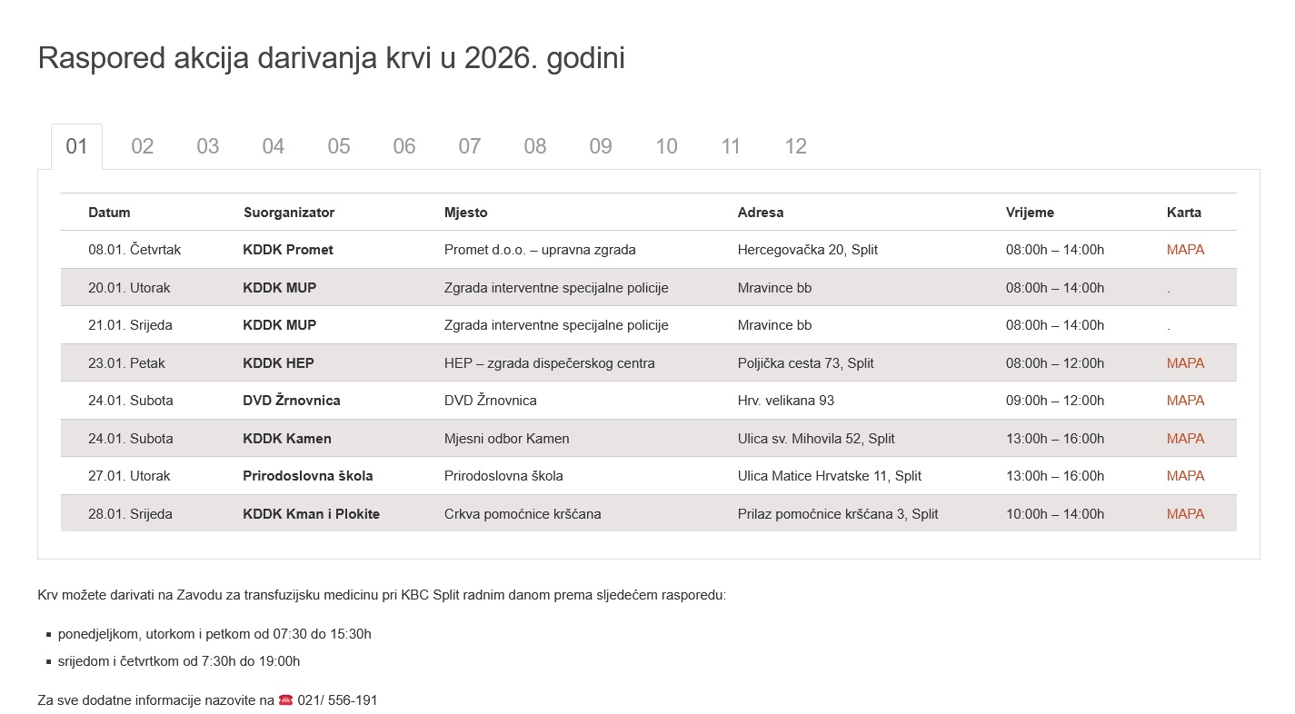 Krv se može darivati svakodnevno na organiziranim akcijama darivanja u Splitsko-dalmatinskoj i Šibensko-kninskoj županiji. Raspored akcija nalazi se na strani Crvenog križa.
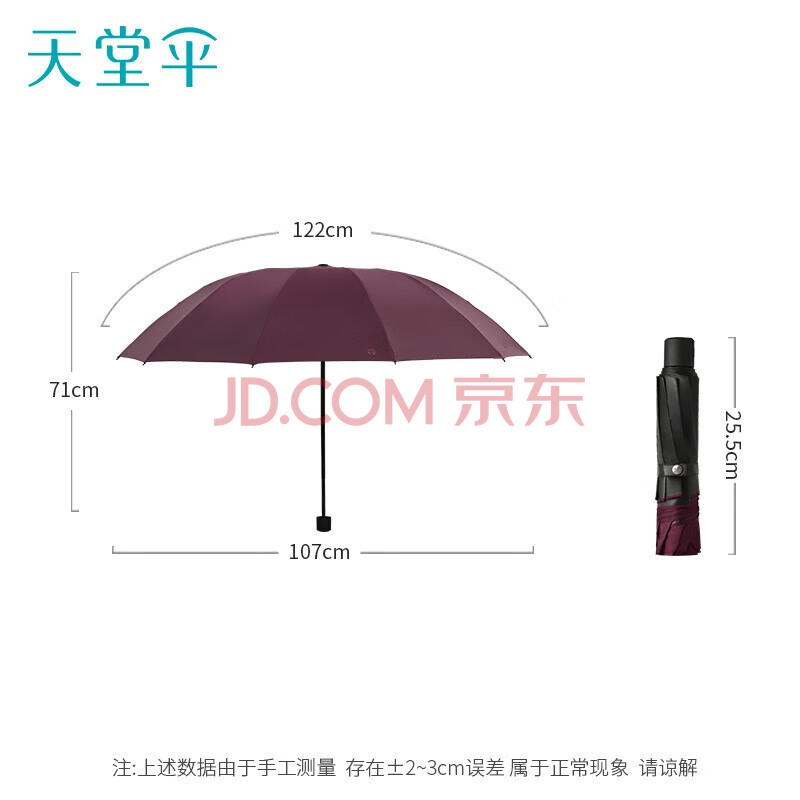 商品相册:天堂 防晒晴雨伞三折 三折伞防紫外线商务伞升级黑钢伞 红色第
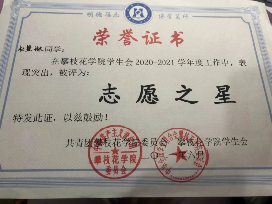 罗杰,王饶浙,陈莉华,阿支伍星、冯荧萍等同学在家乡积极参与疫情防控工作。作为自律攀大人,他们积极响应社区、学校、政府的号召,致力于疫情防控志愿活动,在群众需要的地方发光发热。其中罗杰同学荣获宜宾市叙州区“优秀志愿者”等荣誉;在2022年6月,班级成员积极参加“逐梦计划”、“三下乡”、“返家乡”等社会实践活动,积极参与岗位实习,下乡支教等实践活动。王饶浙所在“自律支教,彝路童行”支教团队荣获暑期“三下乡”四川省“优秀团队”;班级成员积极组织活参加志愿服务活动,在有限的时间做无限的事,帮助群众,服务社会。班级志愿时长达1000余小时。
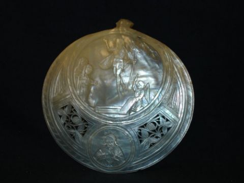 An Abalone Shell Carved in relief with a scene of the Ascension and pierced with foliage. 5" diam.
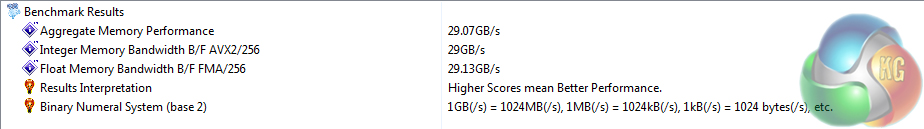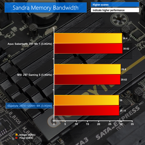 MSI's Z97-based motherboard outscores Gigabyte's by between one-and-a-half and two-and-a-half percent in the memory bandwidth test. This small differential is like to be related to variables and errors in the test software and its procedure.
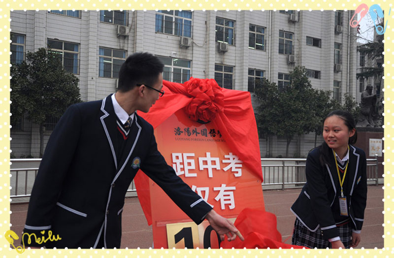宣誓之后段华松校长委托两位同学郑重揭开一百天的倒计时牌,百日倒计,分秒必争!16个班960名学子最后集体宣誓,百日倒计,定创洛外新辉煌。百日誓师大会在铿锵豪迈声中圆满结束。
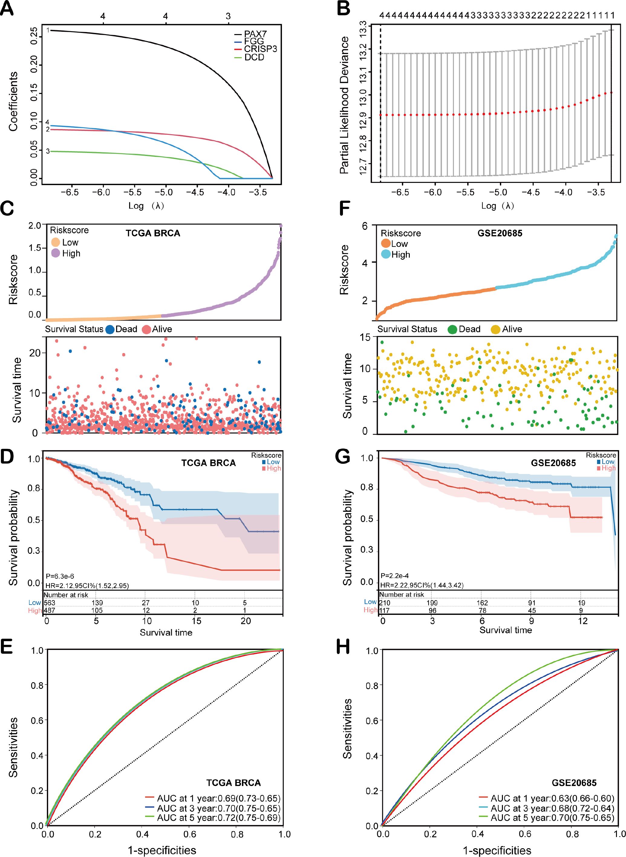Figure 3. Construction and evaluation of the HEMTIRGs-based prognostic model. (A) LASSO coefficient profiles of the four HEMTIRGs. (B) Coefficient profile plot generated against the log (λ) sequence in the LASSO model, with the optimal λ value indicated by a vertical black dotted line. (C) Distribution of risk score (top), and survival status with survival time (bottom) in the TCGA BRCA training cohort. Patients were stratified into high-risk (purple) and low-risk (yellow) groups according to the median risk score, while survival status is indicated as alive (red) or dead (blue). (D) Kaplan-Meier curves of HEMTIRGs in the TCGA BRCA training cohort. (E) The time-dependent ROC curves of the HEMTIRGs in the TCGA BRCA training cohort. (F) The distribution of the risk score (top), and survival status with survival time (bottom) in the GSE20685 validation cohort. Patients were stratified into high-risk (orange) and low-risk (blue) groups according to the median risk score, while survival status is indicated as alive (yellow) or dead (green). (G) Kaplan-Meier curves of the HEMTIRGs in the GSE20685 validation cohort. (H) The time-dependent ROC curves of the HEMTIRGs in the GSE20685 validation cohort.
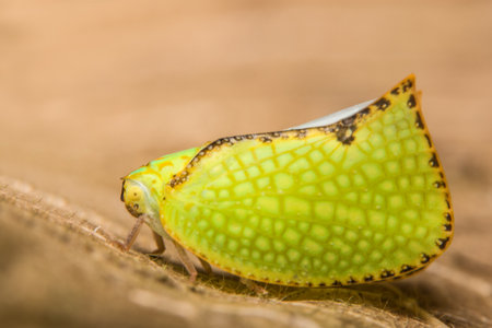 Macro shot of a Leafhopper insect perched on wooden plank.
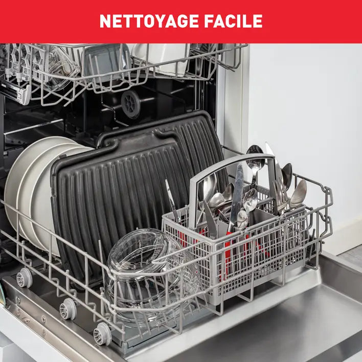 Plaques amovibles et bac à jus compatibles lave-vaisselle pour un nettoyage ultra facile.
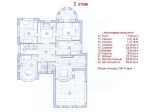 На 2 этаже: мастер-спальня с ванной, игровая комната с двумя спальнями, универсальная спальня, кабинет, зал для досуга.
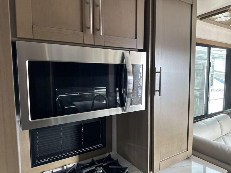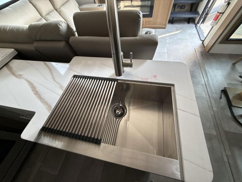 Get your adrenaline pumping with any one of these Keystone RV Fuzion fifth wheel toy haulers! The frame welded, Adjust-A-Trac tie-downs have 38 points to fully secure your toys as you travel, and the extended garage lengths have outside storage so you can haul bigger toys. A fuel pump station will let you easily fill up before heading out, and the exclusive Omni-Chill technology offers high-efficiency air conditioning and maximum cooling. The interior provides fiberglass backed linoleum flooring, extra-tall slide height, solid wood cabinet and drawer frames, and extra tall ceilings with crown molding to mention a few luxuries. Outside, you'll find three Girard cassette awnings, 4k framed tinted safety glass windows, a Titan hydraulic leveling system, and many more conveniences!
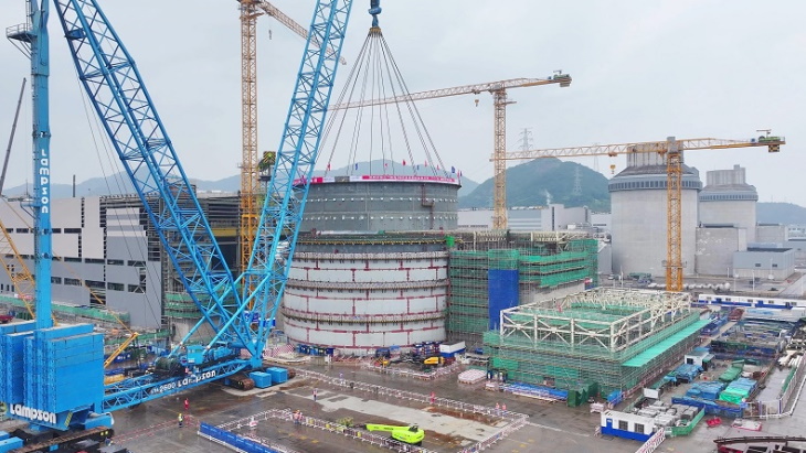 在中国浙江省三门核电站3号机组,构成主安全壳壁的三个钢环已吊装到位。上海核工程研究设计院 (SNERDI) 宣布,三根吊环的安装于 6 月 5 日完成。每根吊环壁厚约 4.5 厘米,内径约 39.6 米,总高约 11.6 米。总吊装重量约 826 吨。上海核设计院表示,除在壳体上安装临时加固筋、附件板、导风支架、导向装置、吊耳等外,还提前安装管线、电气、通风、钢结构、电动绞车等,进一步节省岛内项目安装时间,降低交叉作业风险,提高现场工作效率。2021 年 4 ...
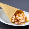 Anelli di calamari fritti in una leggera panatura, serviti nel caratteristico cartoccio
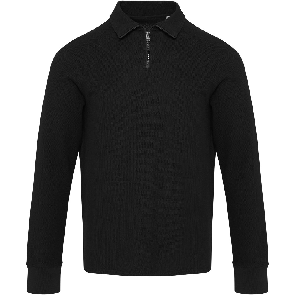 A Zeus uniszex hosszúujjú, félcipzáras felső egész évben kényelmes viseletet biztosít. Anyaga piqué kötésű, amely kellemes tapintású és tartós kialakítású. A kidolgozást finom pick stitch varrásrészletek egészítik ki, az azonos alapanyagból készült nyakszalag-erősítés pedig hozzájárul a hosszabb élettartamhoz. Az oldalsó sliccek, szintén saját anyagból készült betétekkel, nagyobb mozgásszabadságot tesznek lehetővé. A hőtranszferes márkajelzés cimkementes komfortot nyújt. A termék AWARE nyomonkövetesi technológiával van ellátva, amely egy digitális termékútlevelet tartalmaz, igy biztosítva az átláthatóságot és a fenntarthatósági jellemzők bemutatását. 100% pamut, 245 g/m2.

══════

Only the lines from the beginning of the listing through the line with "An Abalone Shell", both ends included, are to be repeated exactly; pictures stay out.

 Krv se može darivati svakodnevno na organiziranim akcijama darivanja u Splitsko-dalmatinskoj i Šibensko-kninskoj županiji. Raspored akcija nalazi se na strani Crvenog križa.
 商品相册:天堂 防晒晴雨伞三折 三折伞防紫外线商务伞升级黑钢伞 红色第
 罗杰,王饶浙,陈莉华,阿支伍星、冯荧萍等同学在家乡积极参与疫情防控工作。作为自律攀大人,他们积极响应社区、学校、政府的号召,致力于疫情防控志愿活动,在群众需要的地方发光发热。其中罗杰同学荣获宜宾市叙州区“优秀志愿者”等荣誉;在2022年6月,班级成员积极参加“逐梦计划”、“三下乡”、“返家乡”等社会实践活动,积极参与岗位实习,下乡支教等实践活动。王饶浙所在“自律支教,彝路童行”支教团队荣获暑期“三下乡”四川省“优秀团队”;班级成员积极组织活参加志愿服务活动,在有限的时间做无限的事,帮助群众,服务社会。班级志愿时长达1000余小时。
 An Abalone Shell Carved in relief with a scene of the Ascension and pierced with foliage. 5" diam.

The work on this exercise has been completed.